I don't understand how Codex can blunder so badly. I imagine that even if they would be using vibe-coding, surely they must have some good engineers. So why is there such severe bugs?

One can argue that these products are the flagship products of their respective AI companies aside from the AI models themselves of course.

I imagine that this story will be picked up by the news left and right, some stories just feel this way and this one is like that (given 12 upvotes on HN in 7 minutes)

The only logical conclusion (from this incident) that I can have is: An (vibe-coded?) product is hard to maintain even for some of the best engineers and is bound to have severe bugs.

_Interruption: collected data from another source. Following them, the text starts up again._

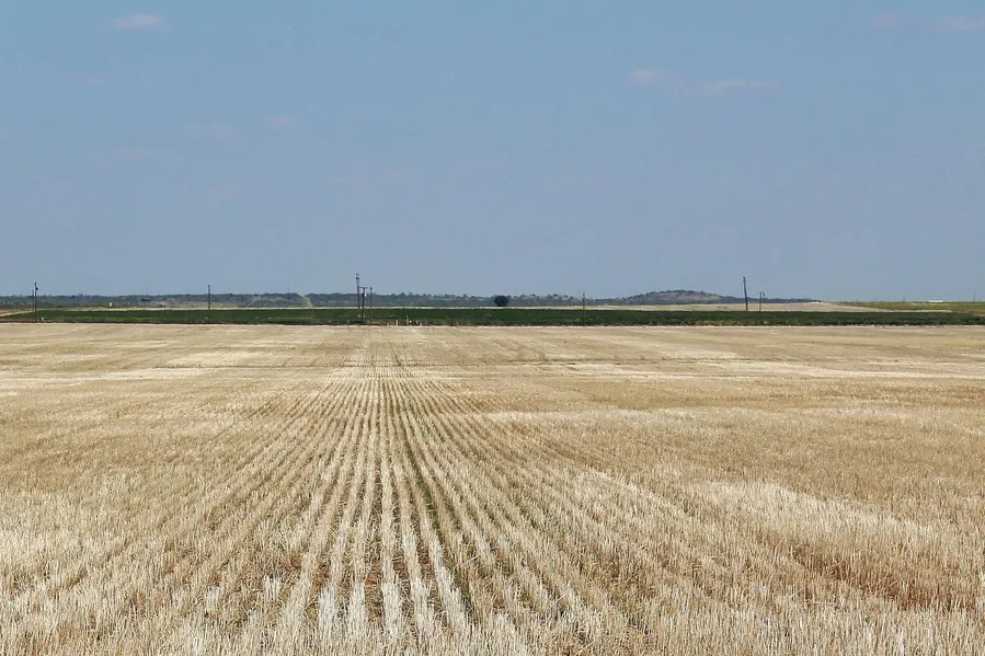 Three of the four sides are fenced (west: good, south: fair, east: none, north: half good/half poor). Electricity poles run down the west, south, and east sides as well. There are no working water wells in the place, but the farm used to irrigate through a side roll system. The farm to the west has a circle pivot system on it, where cotton is grown, and other pivots are in the area as well. A community water line runs down Highway 6...
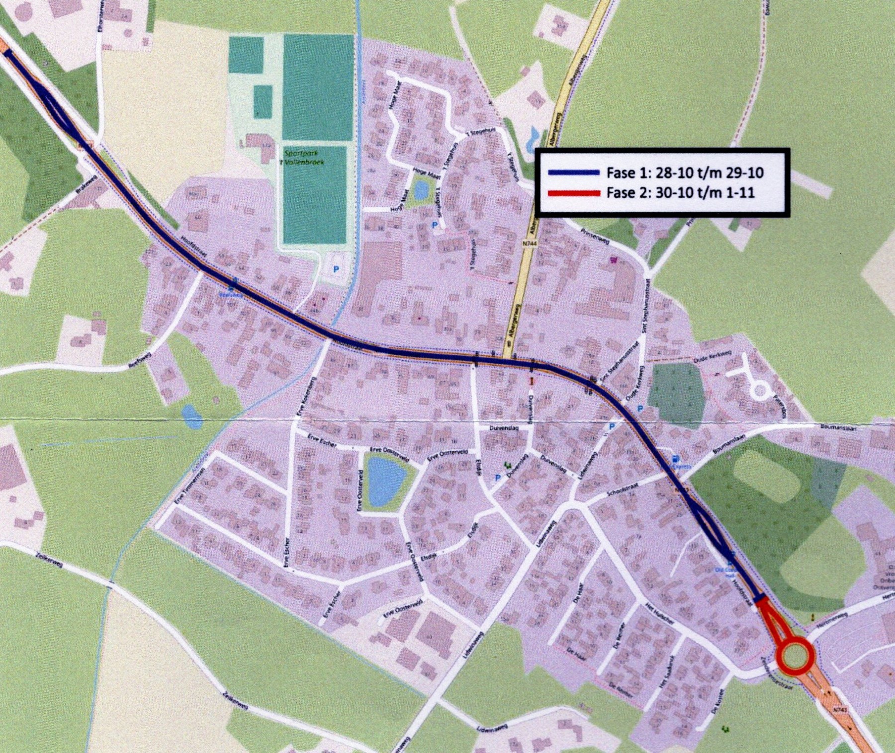 Fase 2: woensdag 30 oktober tot en met vrijdag 1 november: rotonde Hoofdstraat/Zenderensestraat.
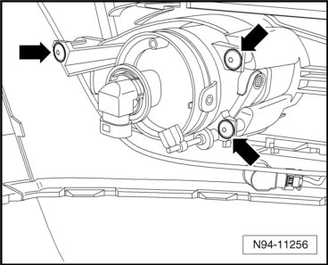 - Remove the three screws - arrows - and the fog lamp housing from the bumper.
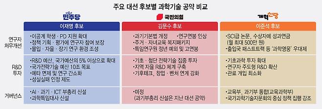 [대선공약 톺아보기]〈12〉'R&D·처우·거버넌스'…과학기술 공약 비교분석
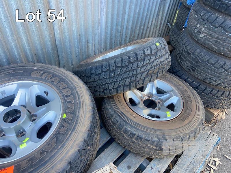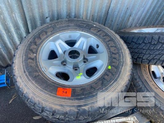 4 x TOYOTA 79 SERIES LANDCRUISER ALLOY RIMS, 5 STUD & TYRES, DUNLOP GRAND TREK ATI SIZE 265/70R16 115 R LT, WITH WHEEL NUTS

2. Proper testing and taking issues seriously is the key if you still wish to do this and there isn't much. This is a week old issue which I can only classify as severe.

I wish to keep an nuanced opinion about it but oh this is bad for openAI (not as bad as them accepting autonomous AI within drones and mass surveillance though)

My point is: AI has both uphills and downward valleys and cliffs. It might as well just accelerate you, which could be, towards your downfall as well. Its recommended to keep an eye while driving and not drive too fast.

AI companies might be like car companies which don't offer a brake pedal.

dathinab

an hour ago

> I don't understand how Codex can blunder so badly.

because they trust the AI too much (and seem to be fin with acting knowingly negligent)

the problem is

- AI tends to produces very convincing looking code, even if fully wrong

- AI does mistakes of kinds no human would do, at least no human who is also able to write convincing looking code

- code reviews are hard, a lot of devs, including senior devs, put a lot of implicit trust into the co-worker behaving "sane and non malicious". But AIs behave sometimes not so sane and in a way (wrt. trying to be convincing). In the worst case in ways which if it where a human you might consider to be them trying malicious sabotage the product

Like a "dump" example from work:

- AI randomly removes a HTML element id while doing other changes in jsx/react

- the PR has a lot of changes, the id removal line looks innocent, like some on the fly cleanup

- human reviewers have the bad tendency to often not look too much at deleted lines, only if they need reference to how a new line was before (but it's only a deleted line and no new line)

- you don't expect humans to randomly without reason delete important properties of components when changing other things

- you maybe would still have found it, but it's a emergency fix for a production issue

- it happens to miss integration tests, but happens to still matter a lot for one specific important for complicated reasons not properly tested flow (similar people tend to not test logging too much, at best the presence of needed info but hardly ever the absence of noise)

PunchyHamster

an hour ago

> I don't understand how Codex can blunder so badly. I imagine that even if they would be using vibe-coding, surely they must have some good engineers. So why is there such severe bugs?

Because it was deemed not Hard Enough task for real engineer to look at, so AI was sent to do it with no supervision, just checking the effects.

Also overly excessive logging is probably useful to them in chasing some of the edge cases, the cost to users doesn't matter in the slightest to them

supriyo-biswas

an hour ago

The truth of the matter is that any time that has been saved in writing the code must be spent on ensuring proper system design, reviewing the code, and most importantly of all, QA, which is an uncomfortable discussion for AI techbros who are peddling complete automation of the software profession.